Both early and later Arthurian legend endow Arthur with sons, at least four of whom were assumed to have been born to Guinevere. The most notable exception is Mordred, the son of Arthur and his half-sister Morgause, who, according to prophecy, kills his father the king. Another affair with a woman named Eleirch produced a son, Cydfan. His four sons with Guinevere - Anir, Gwydre, Llacheu, and Duran – all met untimely deaths, killed in battle or through treachery. A sixteenth-century British romance writer, Richard Johnson, ascribed another illegitimate son to Arthur – Tom, who bore him grandsons, referred to only as the Black Knight and the Faerie Knight.
Guinevere’s increasing importance in the Arthurian legend parallels women’s emergence, over the centuries, from an inferior role. In the early tales, Guinevere was little more than Arthur’s chattel, notable only for her beauty. By the twelfth century, however, she had become the heroine of a courtly love affair with Lancelot, the noblest of Arthur’s knights, whose reverence for her naturally increased her status.
As each generation of storytellers and artists has retold the Arthurian legend, emphases have shifted, and fresh heroes have been given prominence.
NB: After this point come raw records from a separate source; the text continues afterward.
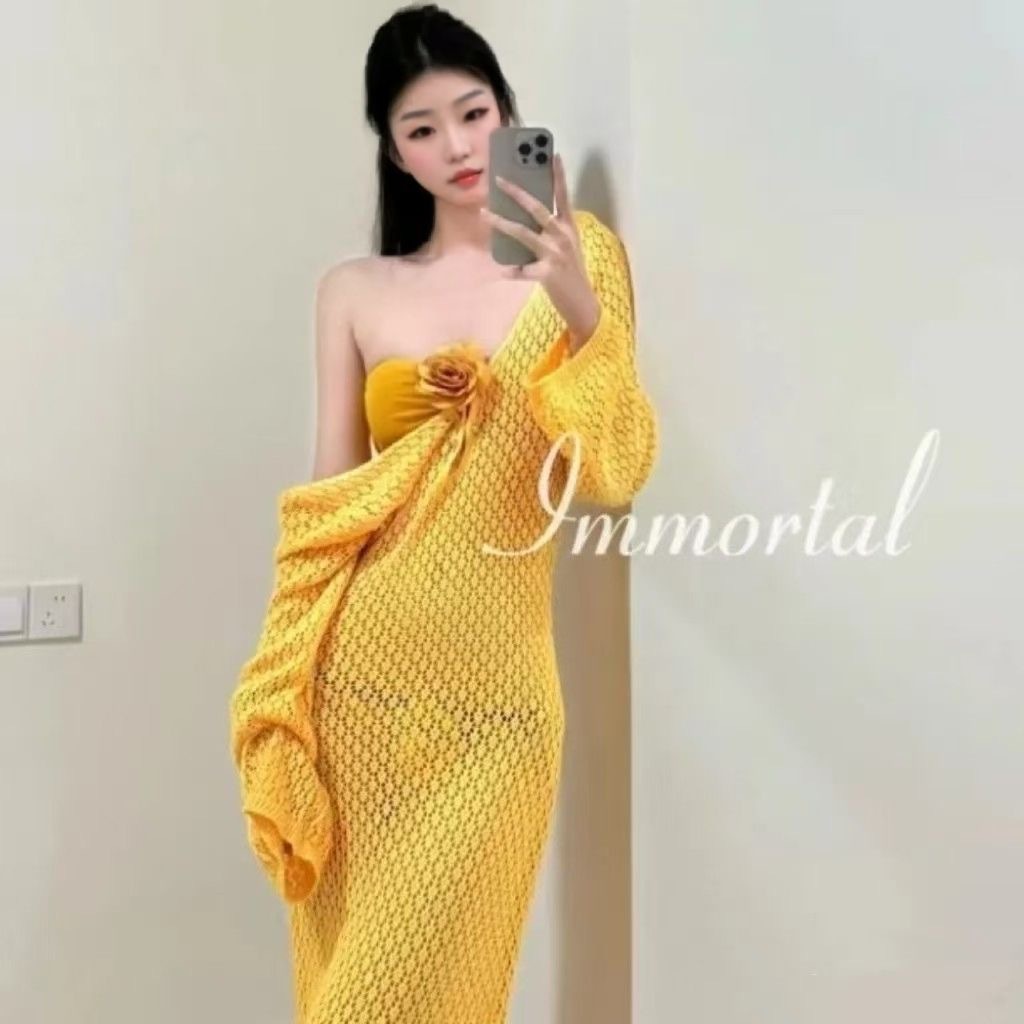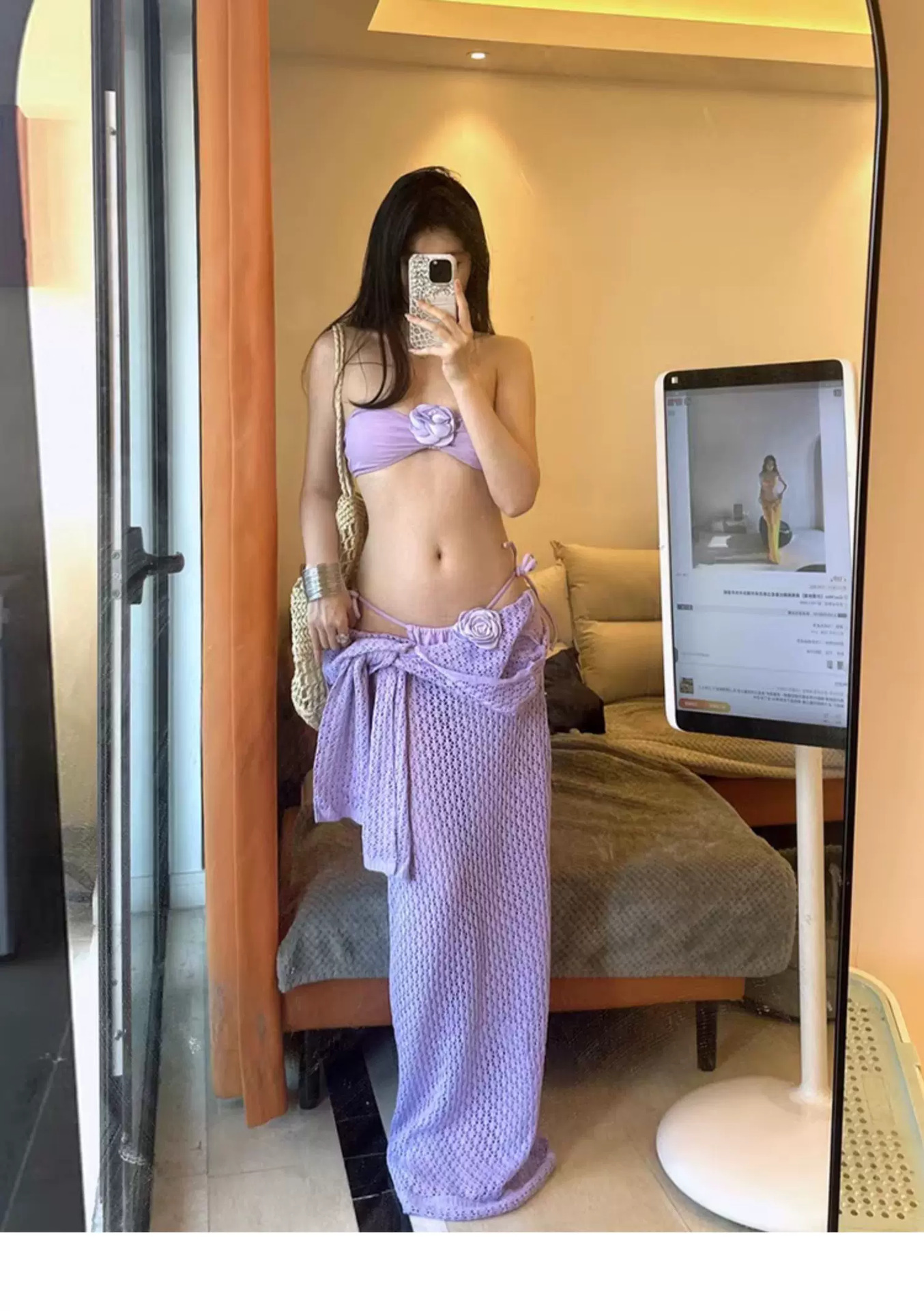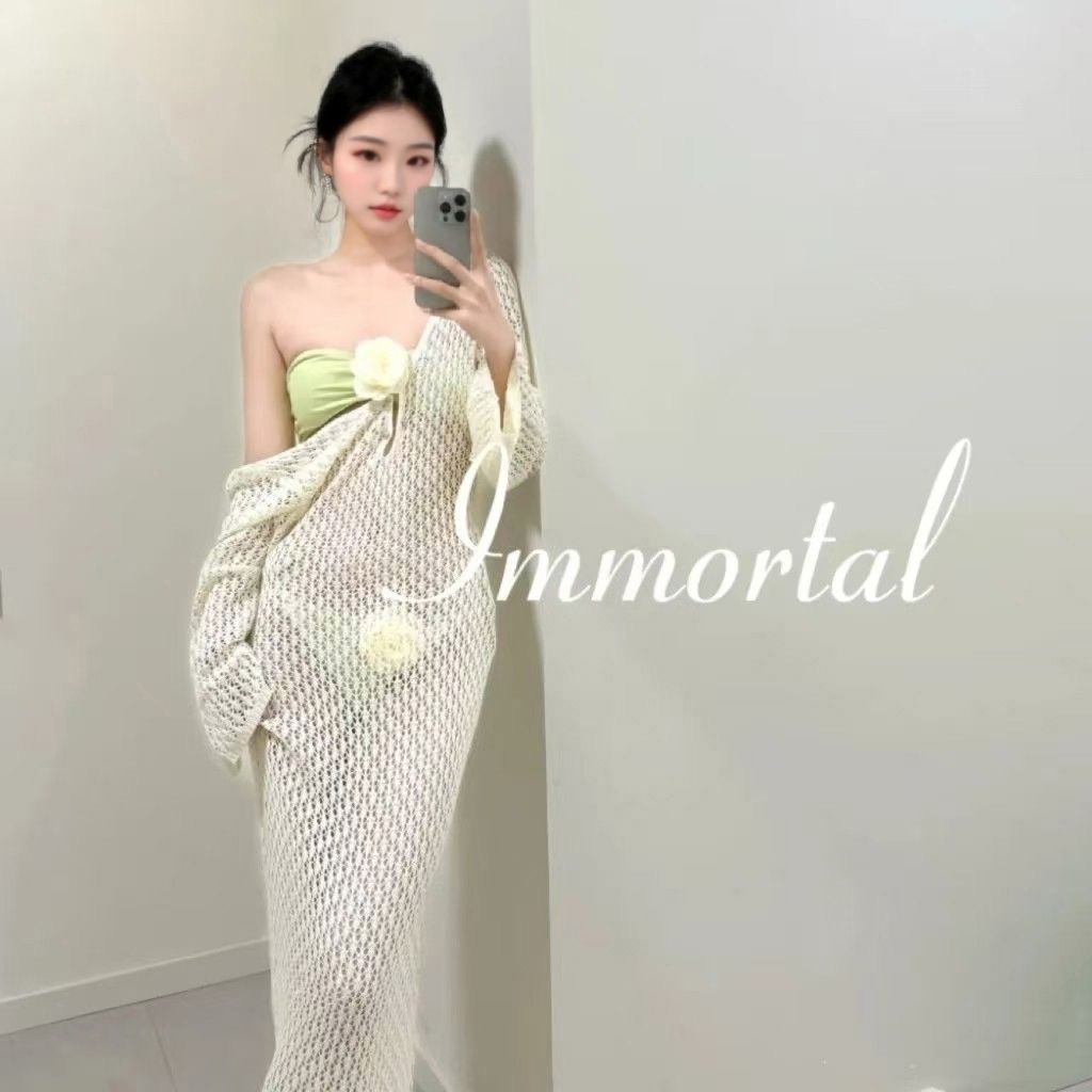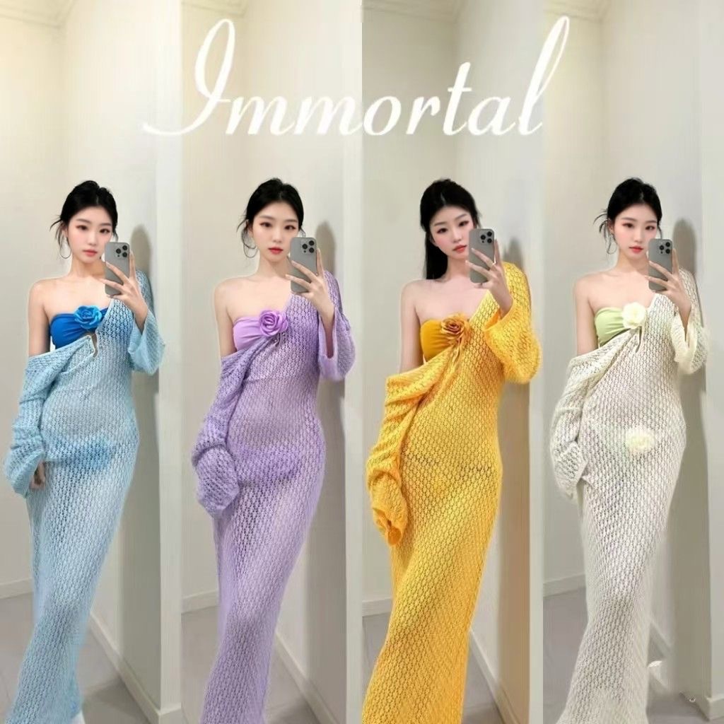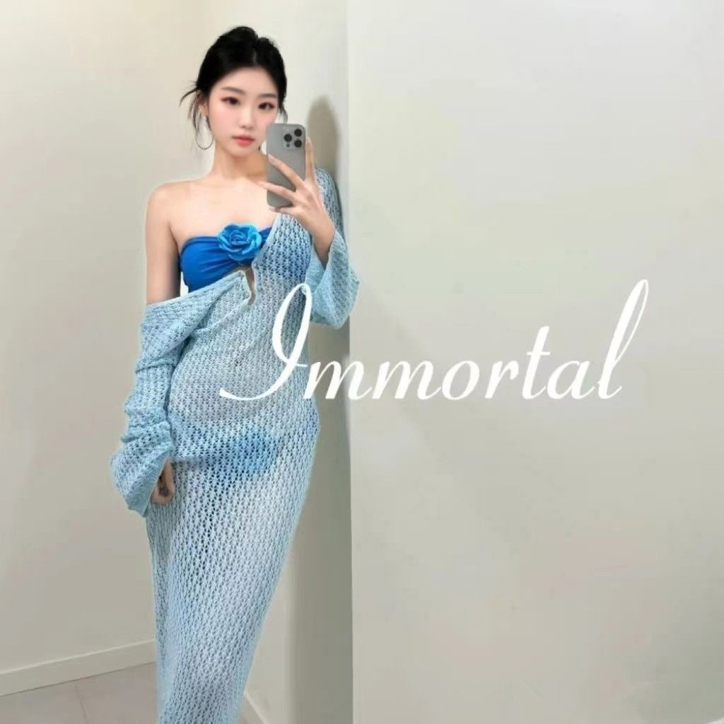 수영복 여성 여름 새 스타일 아름다운 보라색 순수한 섹시한 튜브 탑 비키니 홀리데이 스타일 긴 원피스 여성용 긴 원피스스토어 가기
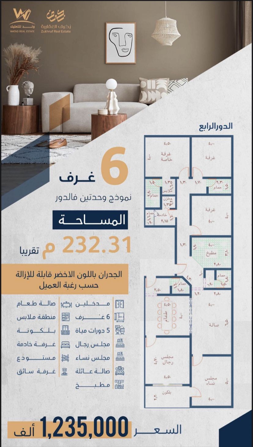 اسم المعلن : | مؤسسة زخرف العقارية |
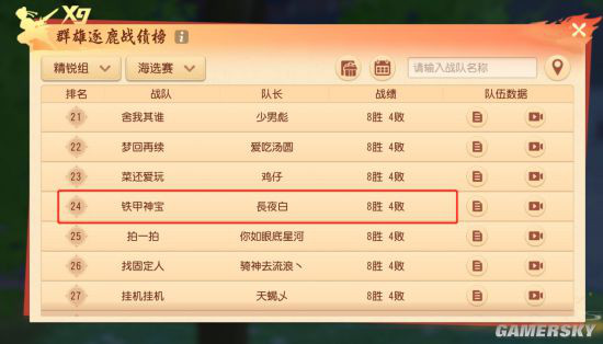 而在精锐组方面,海选赛阶段“铁甲神宝”队战绩并不突出,仅以8胜4败的战绩位列海选赛榜单的第24位。
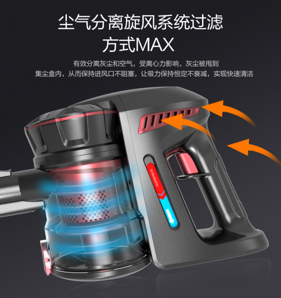 賽森是無線吸塵器領(lǐng)域的專業(yè)品牌,更生產(chǎn)出了全世界第一臺(tái)無塵袋吸塵器,技術(shù)上戴森強(qiáng)勁吸力對(duì)大小顆粒統(tǒng)統(tǒng)能一掃而空。作
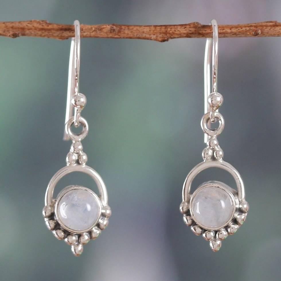 Polished Natural Rainbow Moonstone Dangle Earrings 'Ethereal Allure' Item ID: 2671817734
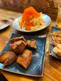 #HongKongAttractions This restaurant I occasionally come with friends to eat, here and traditional Japanese Teppanyaki is very different, do not have to order set package, you can order according to your own dishes, and there are many kinds of food choices, feel more comfortable than traditional Teppanyaki, Causeway Bay this branch is very lively, my place tonight sitting right bar table atmosphere full. ✦Green Apple Crab Seed Salad Crispy and sweet green apple strips plus full of crab seeds, rich and refreshing and appetizing. ✦ Spicy wine frozen wind snails After the refreshing and fresh wind snails were cooked in the mellow and not choking wine, there was a little more spicy aroma, making people unconsciously eat one after another ~ ✦ Crispy fried chicken heart Extremely crispy salted chicken heart is crispy on the outside and tender on the inside ✦ Thick grilled beef tongue Thick-cut beef tongue is charred on the outside and tender on the inside, and the meat inside is tender and tender. ✦ Overnight dried chicken steak Utilizing the dehydration properties of salt, reduce the moisture of the meat while retaining the essence of the meat flavor. Because of the salt savory flavor, no need to specially season the chicken freshness is very rich, the entrance is tender and refreshing without dry and hard taste. ✦ Pork scallion rolls Coriander lovers must try this pork coriander roll. The tender pork loin is wrapped in a lot of coriander. The whole mouth is filled with the oily aroma of pork and the freshness of coriander. ✦ Hong Kong Island Grill Creative Hong Kong-style Hong Kong Island barbecue, the siu cake is added with char siu, shrimp, coriander and sausage, then spread with meat floss, mayonnaise, and some seaweed, the whole cake is more fragrant and tasty, very rich taste. ✦ Iron plate live northern sea mussels Fresh live mussels cut into strips easy to enter, stir-fried together with broth more tender and bouncy, then sprinkled with fried garlic and scallions very tasty. ✦ Hokkaido squid fillet Slightly spicy and soft, the meat is soft and tasty ✦Sake-cooked mussels The oysters are plump and sweet, and the aromatic sake is the perfect match. ✦ The long-standing Ume Shizuku has been matured for ten years The unique ripening aroma and complex plum sweet and sour taste slowly spreads in the mouth ~ Hungry Monkey 📍Shop B, G/F, Midtown, Kim Chao Yang Centre, Phase 2, 1-29 Deng Lung Street, Causeway Bay ☎️(+852) 54089580 •♡•♡•♡•♡•♡•♡•♡•♡•♡•♡•♡•♡• #foodie #food #foodpic #foodphoto #yum #yummy #delicious #tasty #camera eat first #mobile food first #hkfood #Hong Kong food #food #hkig #ighk #hungrymonkey #Teppanyaki #Causeway Bayfood #Causeway Bay
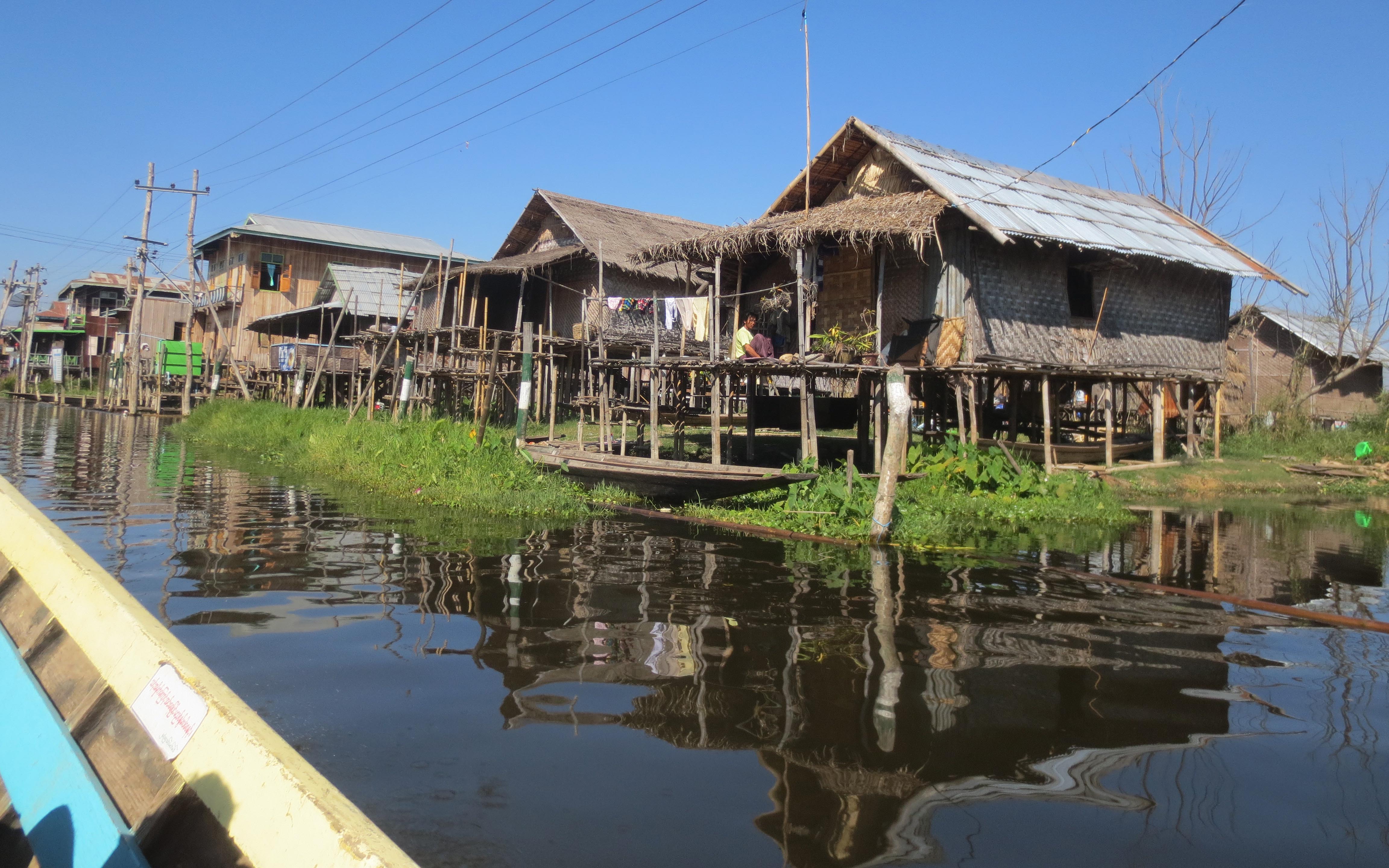 Les villages autour de Inle ressemblent à s’y méprendre à des banlieue une comme on les connait… à la différence majeure que tout est sur l’eau. C’est comme si on remplaçait tout ce qui est béton/pavé/pelouse/etc. par l’eau. On croirait se trouver dans un quartier qui a récemment été inondé… mais c’est en fait un village tout à fait normal.
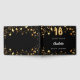 Un elegante fondo negro con estrellas de oro falsas. Agrega tu nombre y texto. El número de edad se escribe con un tipo de letra de estilo globo. Espina: agrega tu texto.
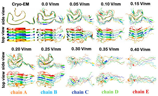 The last snapshots of α-synuclein pentamers which were extracted from the 600 ns MD trajectory. The side and top view show conformational changes on α-synuclein under the influence of 0.05, 0.10, 0.15, 0.20, 0.25, 0.30, 035, and 0.40 V/nm electric field.
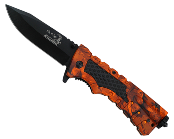 Navaja de apertura asistida por resorte. Largo cerrada 12,70 cm. Hoja de 9 cm acero inoxidable Black. Empuñadura de aluminio Naranja camo con inserto de goma para mejor grip. Incluye rompe cristales desmontable que se convierte en pedernal para iniciar fuego. Práctico clip de bolsillo.
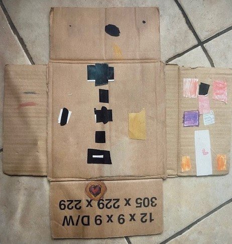- Use thick paper or card as the background (the side of an old cereal box works well).

But Lancelot has been the most famous of Arthur’s knights since the twelfth century, when Countess Marie de Champagne commissioned a romance glorifying courtly love, with Lancelot as its hero. The French poem - Lancelot, le Chevalier de la Charrette (Lancelot, the Knight of the Cart), written by Chrétien de Troyes – portrayed him as the most formidable of Arthur’s knights. When Guinevere is abducted by Meleagant, Lancelot joins Gawain, in a quest to rescue her. In his haste, Lancelot rides two horses until they collapse and die, then encounters a cart-driving dwarf, who promises to help the knight continue his pursuit only if Lancelot rides in his cart. Humiliated, Lancelot climbs in, and after several trials along the way, arrives at the castle of Gorre. Guinevere is at first cold to Lancelot, but later, after he breaks into her tower, they spend a passionate night together. Lancelot, whose hand was cut while climbing the tower, leaves blood on Guinevere’s sheets as he sneaks out just before sunrise. Meleagant discovers the stain and accuses Guinevere of a tryst with another wounded knight, which leads to a duel with Lancelot in defense of her honor.